Almost half of the outstanding corporate debt is denominated in foreign currencies, which increases the risk of failures. While some borrowers are exporters, many rely on domestic consumption. The lira’s decline has eroded consumers’ purchasing power and will dent those companies’ sales, making it harder to pay back loans in dollar or euros.
Three Turkish bank executives point to the halt in new projects as a harbinger of what’s to come. The five firms that bought the media company had won a tender to build and run a third airport for Istanbul, offering to pay the government $30 billion for a 25-year lease. The political and legal turmoil, combined with cost overruns before excavation began, have thrown the project’s financing into limbo, said the bankers, who have been involved in the airport-funding effort.
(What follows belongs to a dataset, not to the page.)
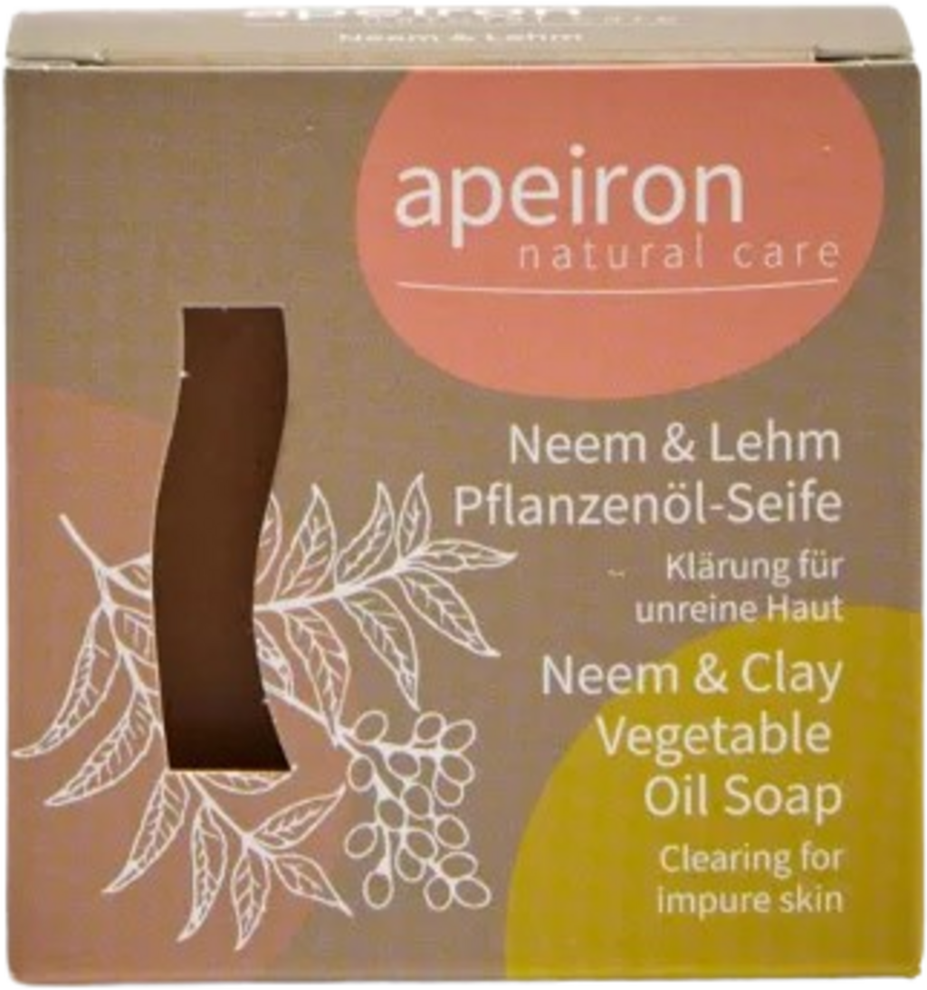 Apeiron Mydło z olejami roślinnymi miodla indyjska i glina, 100 g
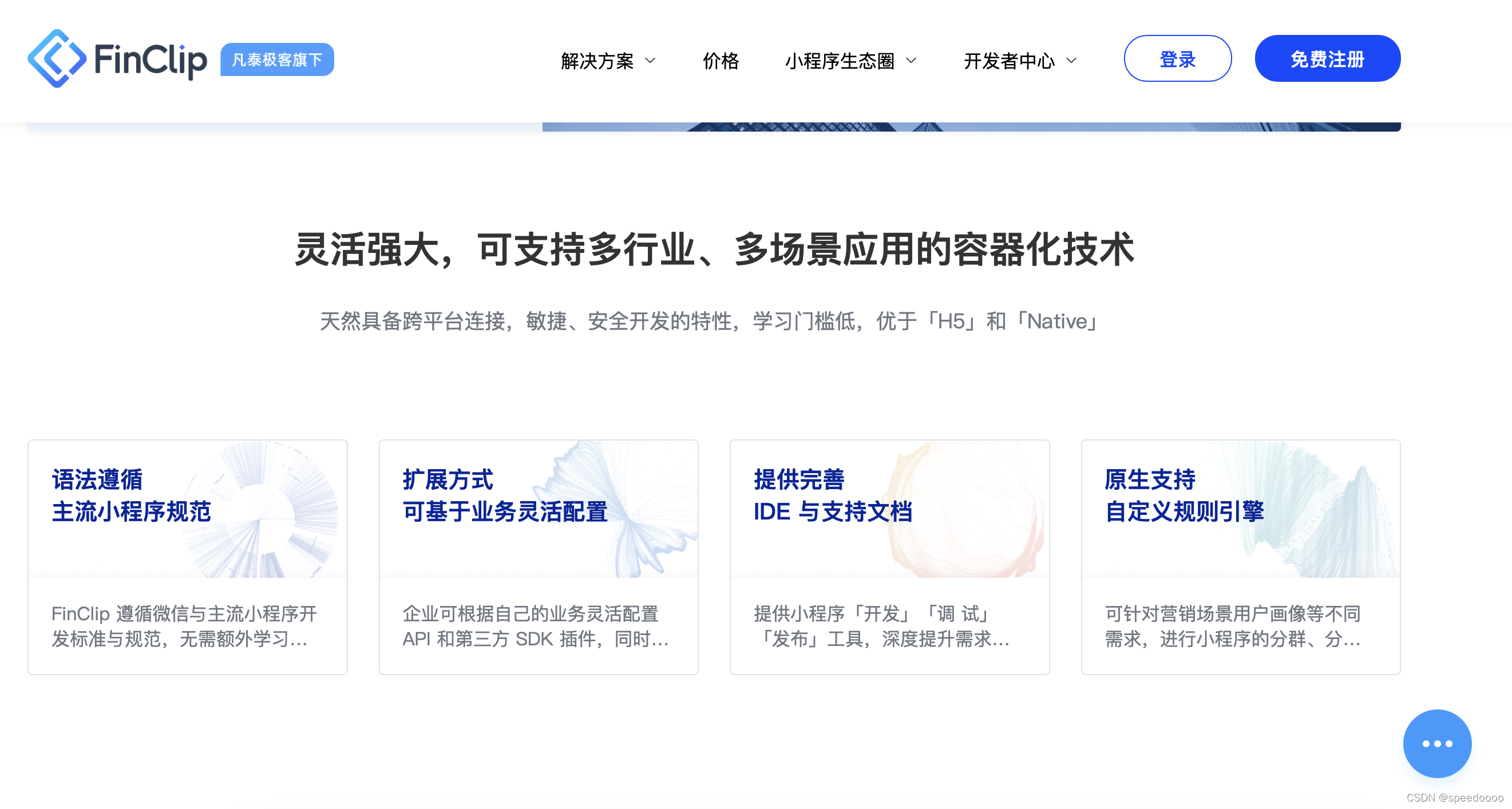 Finclip小程序开放平台,为企业提供“小程序运行能力”,它作为小程序运行的环境,为小程序提供安全沙箱、代码解析和渲染等服务。 为了让更多 APP 轻松拥有“小程序运行能力”,凡泰极客将“小程序运行时”实现成一个可私有化部署的 iOS 和 Android 版本的 SDK,可以被第三方集成。也就是说,任何 APP 通过嵌入FinClip小程序SDK即可瞬间获得运行小程序的能力。

If Erdogan’s power wanes, defaults by some politically connected companies could follow, said the bank executives, who asked not to be named because of fear of reprisal. That would probably lead to increased cover-ups, which could be sustained until either Erdogan is voted out of office in 2015 or the losses spook creditors enough to cause a run on the banks, as they did in 2000, according to IHS’s Grzelak.
“They rely too much on short-term funding from foreign banks,” Grzelak said of Turkish banks. “So loss of confidence could lead to loss of that funding very quickly, like last time. Recalling the role state banks played in that crisis, it wouldn’t be surprising to see them leading the way once again.”